В таверне было тепло и оживленно — народу собралось много, все болтали, переходили с места на место и веселились. Не успели мы наполовину управиться со своими пирогами, как какой-то мужчина огромного роста с широкими плечами и седыми бакенбардами с дружелюбным видом подошел к нашему столу и густым, мелодичным голосом весело пробасил:
— Вы вроде как недавно у нас поселились? Добро пожаловать. Меня зовут Владимир Аксаков. А вас как?
— Элмер Вэрли, — представился я, поднявшись из-за стола и пожимая его руку. — А это моя девушка. Ее зовут Дара.
Тепло, пища и бренди настолько оживили ее, что она одарила его одной из своих ослепительных улыбок. Владимир, похоже, был большой охотник до хорошеньких девушек. Он глаз не мог отвести от Дары и, надеясь, что за этой улыбкой последуют и другие, уселся напротив нас за наш стол.
— Хороши пироги? — спросил он.
Мы кивнули.
— С моими овощами они были бы еще лучше, но хозяин меня не слушает. «Если пирог с мясом, так он и есть — с мясом». Так он говорит, да… А если, мол, они захотят овощей, так пусть заказывают их отдельно.

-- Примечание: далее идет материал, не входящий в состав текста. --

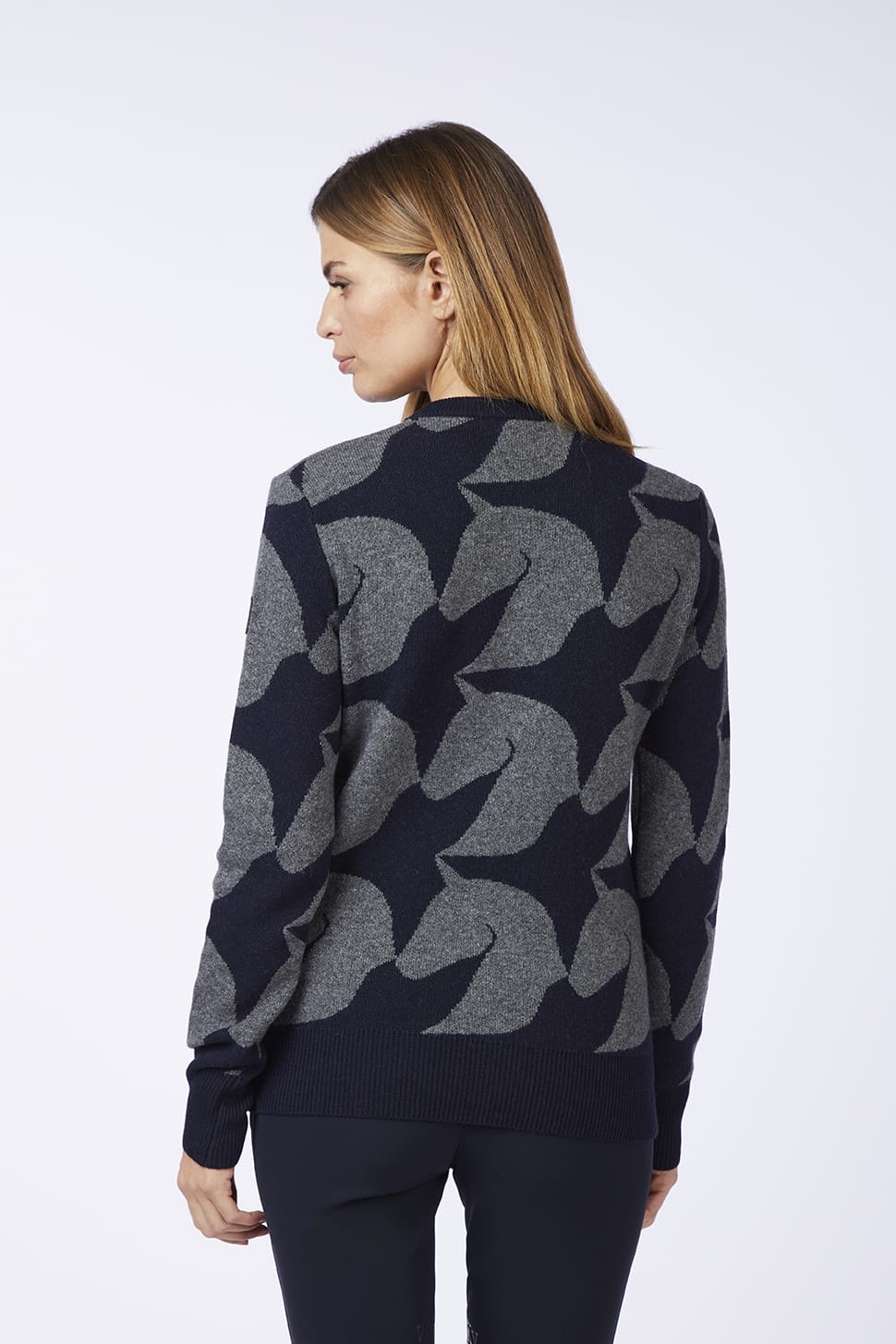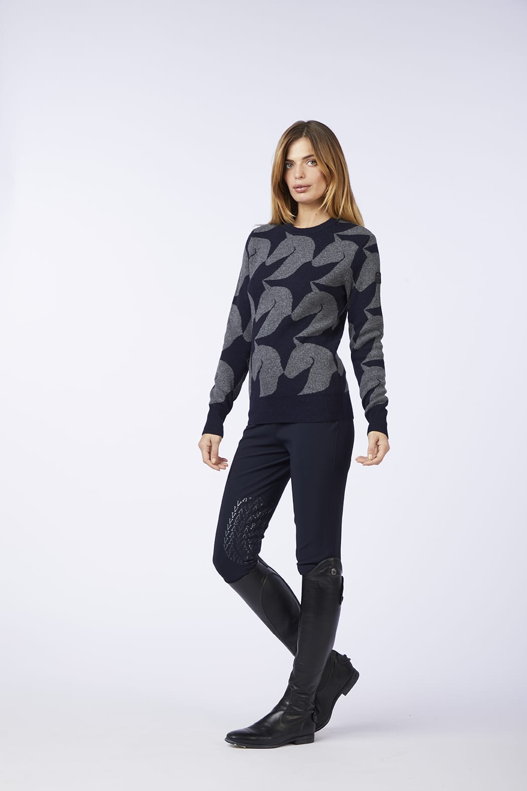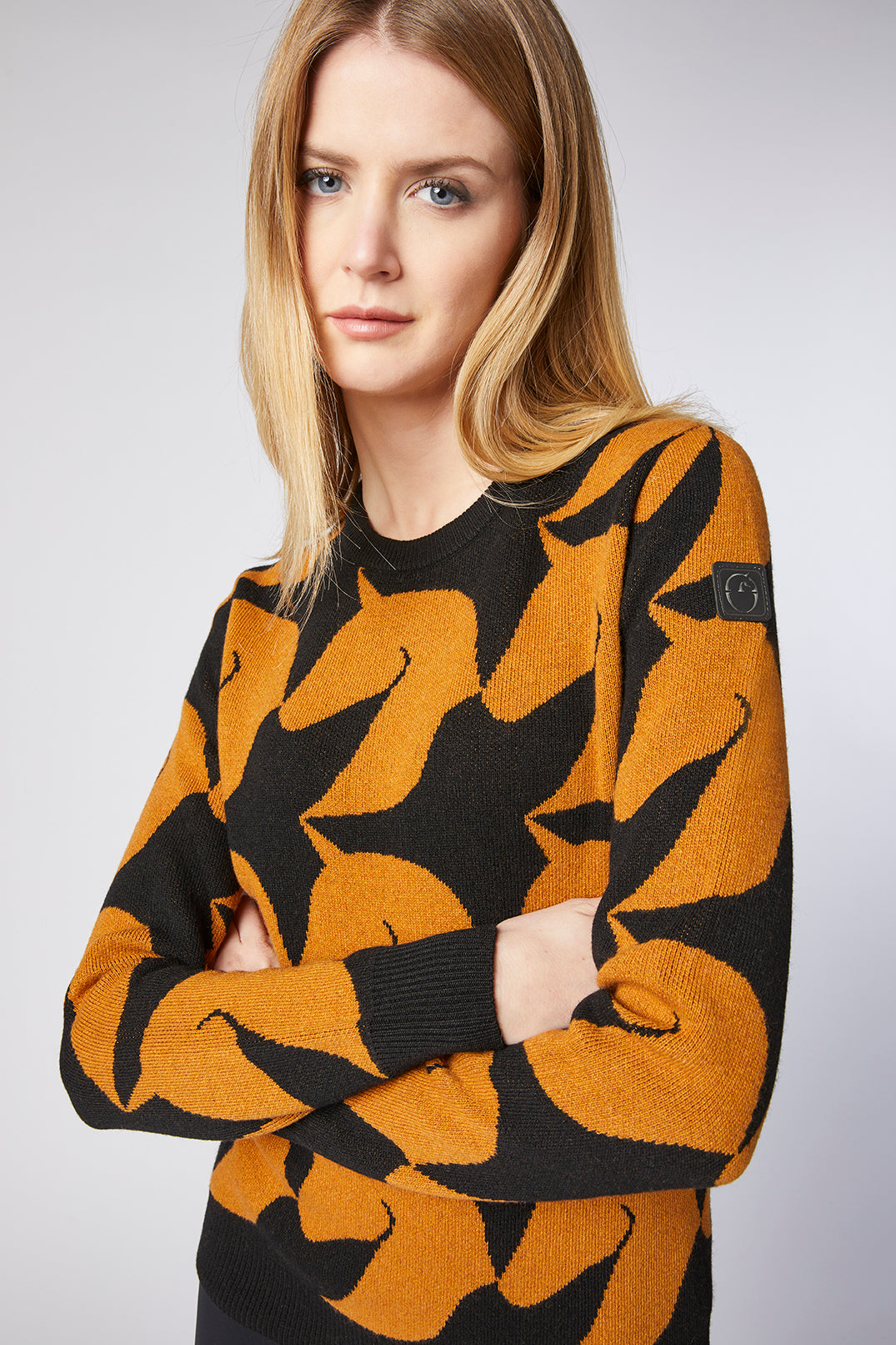 Vestrum Fianes Women's Sweater - This ladies round neck sweater featuring an abstract horse pattern in a turmeric color is made of wool and cashmere blend. This piece of women's knitwear does not only have a luxurious look, but also a very warm, soft and luxurious feeling. Designed and made in Italy, the Fianes sweater perfectly combines equestrian sport and high fashion, offering the stylish equestrians and all horse lovers the perfect outfit for this winter.

Но не в моих пирогах. — Он печально покачал головой и вздохнул. — Он упрямый парень, этот Гарри. Никогда меня не слушает.
Затем поднес ко рту свою огромную кружку и залпом опрокинул в себя половину ее содержимого. Когда он со стуком поставил кружку на стол, на его усах дрожали хлопья пивной пены. Он продолжал рассказывать о своей торговле, о своем магазинчике, в котором он каждый день торговал фруктами и овощами, снабжая дарами природы всех жителей Лейксайда, шутил по поводу своей нелегкой жизни и выражал надежду, что Дара будет наведываться за фруктами только к нему. Он был забавен и остроумен, но, как он ни старался вовлечь в разговор Дару, ему это не удавалось. Она была слишком увлечена поеданием пирога.
На лице Владимира ясно обозначилось разочарование от того, что он не произвел на нее впечатления, и я, посмеиваясь, дружелюбно сказал:
— Это бесполезно, Владимир. Она никого, кроме меня, не замечает. Она способна любить только одного мужчину, и этот счастливчик — я.
Он бросил на меня испытующий и насмешливый взгляд и, увидев на моем лице улыбку, откинул назад голову и разразился громким смехом. Громовые раскаты его хохота перекрыли стоявший в таверне гам и заставили всех присутствовавших оглянуться на нас, чтобы узнать, откуда раздается этот грохот. Собственно говоря, в том, что я сказал, не было ничего особенно смешного, но я все же был рад, что он легко воспринял мою неожиданную отповедь.
Я заметил, что оценивающе разглядываю его. Первое, что привлекло мое внимание, были его глаза. Бледно-серые, невозмутимые и спокойные, эти глаза находились в полном противоречии с его оглушительным хохотом и беззаботной болтовней. Я почувствовал, что за его шумными манерами прячется много думающий и, вероятно, упорный человек.